Presiden menentang prinsip “tanggung jawab kolektif” dan mengatakan dalam kasus ini, orang lanjut usia, perempuan, anak-anak dan seluruh keluarga akan meninggal.
Putin menegaskan kembali posisi Rusia mengenai solusi dua negara terhadap krisis Israel-Palestina, dengan alasan bahwa “ini adalah kunci bagi penyelesaian dan perdamaian jangka panjang dan mendasar di Timur Tengah.”
“Tugas utama kita adalah menghentikan pertumpahan darah dan kekerasan. Jika tidak, perluasan krisis ini akan membawa konsekuensi yang sangat berbahaya dan merusak, dan tidak hanya bagi kawasan Timur Tengah. Hal ini bisa meluas melampaui batas negara-negara Timur Tengah,” ujar dia seperti dikutip Anadolu Agency, Jum’at (27/10/23).
Putin mengecam upaya “kekuatan tertentu” yang mempermainkan perasaan agama dan nasional untuk menciptakan ketidakstabilan dan kekacauan demi “kepentingan jahat” mereka.
“Umat Muslim dihasut untuk melawan Yahudi…Syiah dihasut untuk melawan Sunni, Ortodoks – untuk melawan Katolik. Di Eropa, mereka menutup mata terhadap penistaan dan vandalisme terhadap hal-hal suci bagi umat Islam. Di sejumlah negara, penjahat Nazi secara terbuka dimuliakan di tingkat resmi,” kata presiden Rusia.
Ukraina mengambil langkah-langkah untuk melarang Gereja Ortodoks kanonik dan memperdalam perpecahan gereja, kata dia.
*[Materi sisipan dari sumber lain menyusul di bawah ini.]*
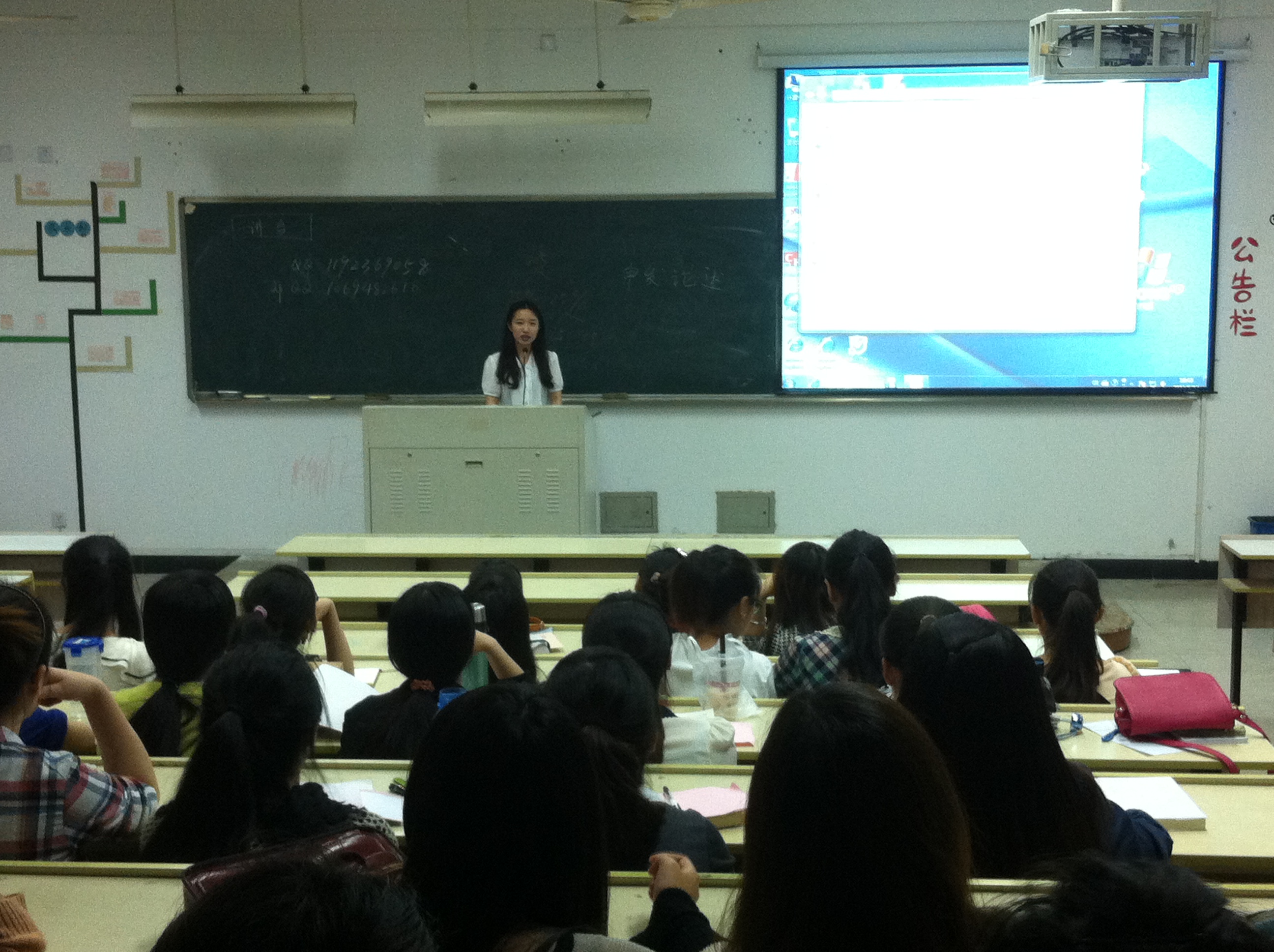在交流会的最后,获得省第六届师范技能比赛一等奖的王怡璇学姐向同学们介绍了比赛的有关情况,并针对即将到来的师范技能考核向同学们提出了宝贵的建议。王学姐从教学设计、课件制作、模拟上课、说课等方面做了系统详细的介绍,让同学们耳目一新,对如何备课有了充分的了解。

“Menurut pendapat saya, tujuan dari semua tindakan ini sudah jelas – untuk melipatgandakan ketidakstabilan di dunia, untuk memecah belah budaya, masyarakat, agama-agama di dunia, untuk memprovokasi konflik peradaban – semuanya berdasarkan pada prinsip yang terkenal yaitu ‘memecah belah dan aturan,'” imbuh Putin.
“Ada pembicaraan tentang ‘tatanan dunia baru’, yang esensinya sebenarnya sama – kemunafikan, standar ganda, klaim eksklusivitas, dominasi global, untuk melestarikan sistem yang pada dasarnya neokolonial,” tukas dia.